### EXERCISE DIRECTIONS
The pictures get left out, but everything else in the listing below must be duplicated exactly.

### DATASET CONTENT
"""

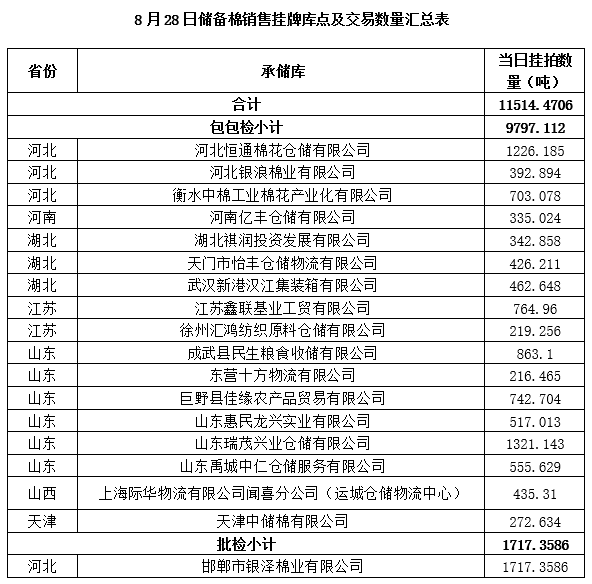 中國儲備棉管理有限公司定于8月28日上市銷售儲備棉重量11514.4706噸,共60捆。
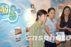 由香港康樂及文化事務署舉辦的“海上動感藝廊”活動,七月十二日在香港開幕,該活動目的是為繁忙的都市開辟另類的藝術空間,讓市民在日常生活中享受藝術樂趣。圖為裝置藝術設計者與作品。中新社記者:錢興強
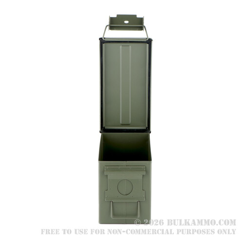 These M2A1 cans are NEW PRODUCTION and can be bought in different configurations ranging from a single can to twelve-can cartons (while supplies last). They’re made the same size and with the same steel box/lid, rubber seal, olive drab powder coating, and steel handles as mil-spec M2A1 cans, but they were manufactured in China to keep the price low.

"""

### SOLUTION
 中國儲備棉管理有限公司定于8月28日上市銷售儲備棉重量11514.4706噸,共60捆。
 由香港康樂及文化事務署舉辦的“海上動感藝廊”活動,七月十二日在香港開幕,該活動目的是為繁忙的都市開辟另類的藝術空間,讓市民在日常生活中享受藝術樂趣。圖為裝置藝術設計者與作品。中新社記者:錢興強
 These M2A1 cans are NEW PRODUCTION and can be bought in different configurations ranging from a single can to twelve-can cartons (while supplies last). They’re made the same size and with the same steel box/lid, rubber seal, olive drab powder coating, and steel handles as mil-spec M2A1 cans, but they were manufactured in China to keep the price low.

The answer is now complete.